Islamabad

Civilians in Military Courts

Military courts are conducted in an extremely disciplined manner without any delays and unnecessary adjournments, which are the norm in civil courts.

By Justice (R) M. Shaiq Usmani | August 2023


Military courts, in essence, are meant to try those who are subject to military discipline and laws relating to the functioning of the military. This is only natural and fair because the laws to which the military personnel are subject to are tougher and much more onerous than those common citizens, or in other words, civilians, are subject to. Besides a military person, when he joins the forces, he willingly subjects himself to laws relating to the military, howsoever tough these may be, and grows up in the service under the shadow of these laws.

The Constitution of Pakistan also acknowledges this fact, as enshrined in Article 10-A, that a citizen faced with a criminal charge will be entitled to a fair trial and due process. In another Article, i.e., Art 175(2), the Constitution clearly provides that a court will have only the jurisdiction as provided by the Constitution, which clearly gives such jurisdiction to civil courts. This later provision was subsequently amended by two amendments, 21st and 23rd, in 2015 and 2017, whereby certain offences under the Army Act 1952 were permitted to be tried by military courts, but both these amendments had sunset clauses and are not in force any longer.

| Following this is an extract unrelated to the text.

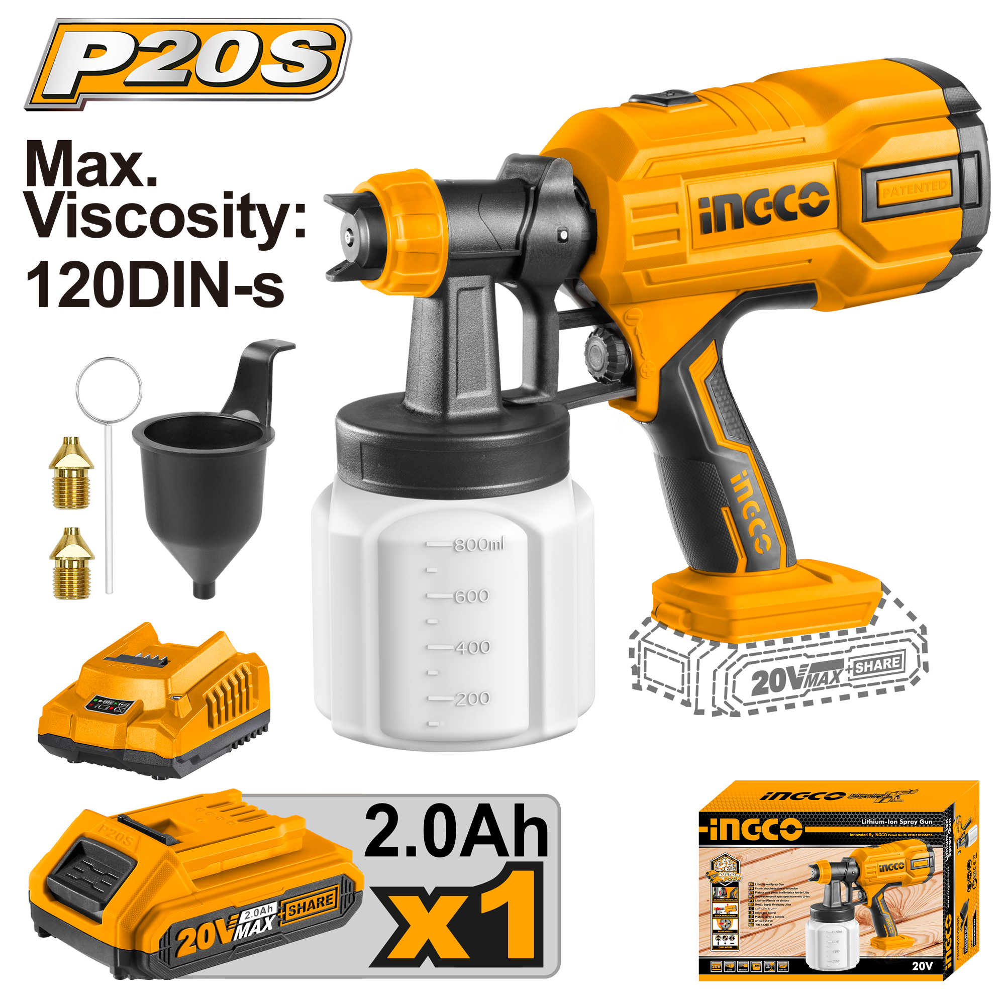Купить Краскопульт аккумуляторный INGCO CSGLI20406 20 В 120DIN 1x2 Ач

However, Section 2(d)(i)(ii) of the Army Act, 1952 provides for civilians, who commit certain offences that are directed towards military installations and an offence under Official Secret Act to be subject to Pakistan Army Act, 1952 thereby making them liable to be tried under Pakistan Army Act. These provisions are still part of the Act and read as under and remain valid.

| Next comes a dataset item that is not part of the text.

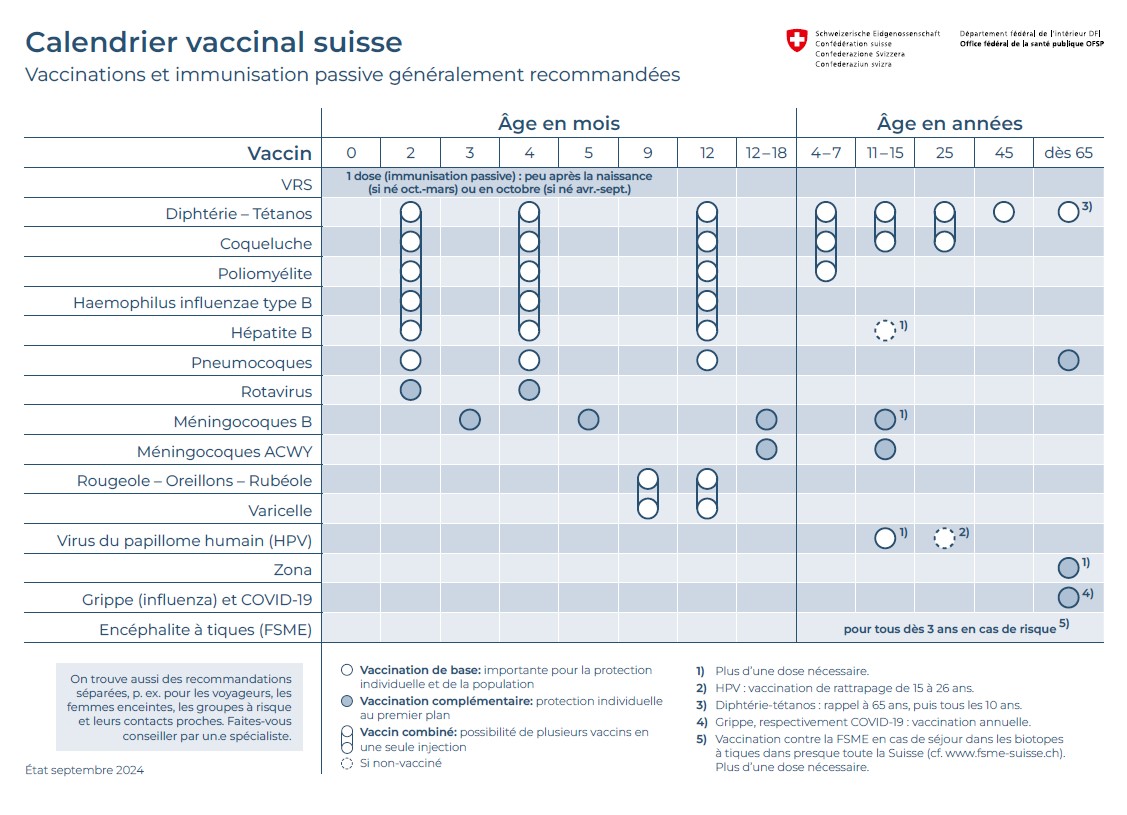 Pour les nourrissons et les enfants, l’OFSP recommande les vaccinations suivantes :

2. Persons subject to the Act-(I). The following persons shall be subject to this Act, namely:

(d) persons not otherwise subject to this Act who are accused of:

(i) seducing or attempting to seduce any person subject to this Act from his duty or allegiance to Government, or,
(ii) having committed, in relation to any work of defence, arsenal, naval, military or air force establishment or station, ship or aircraft or otherwise in relation to the naval, military or air force affairs of Pakistan, an offence under the Official Secrets Act, 1923.

It is obvious that the offences, as mentioned above, are of sensitive and serious nature that relate to the security of military installations and directly concern the military. If these are to be tried by civil courts, the military will have to be the complainant and will also have to provide evidence, which for security reasons, it may not consider appropriate to do so. As can be seen, these provisions do not give any open-ended license for civilians to be tried by military courts for any offence. These provide for only a limited avenue to punish those who deliberately damage military installations, of which an ordinary civil judge cannot appreciate the gravity nor the effect of such an act on the morale of military personnel for the lack of doing anything about it.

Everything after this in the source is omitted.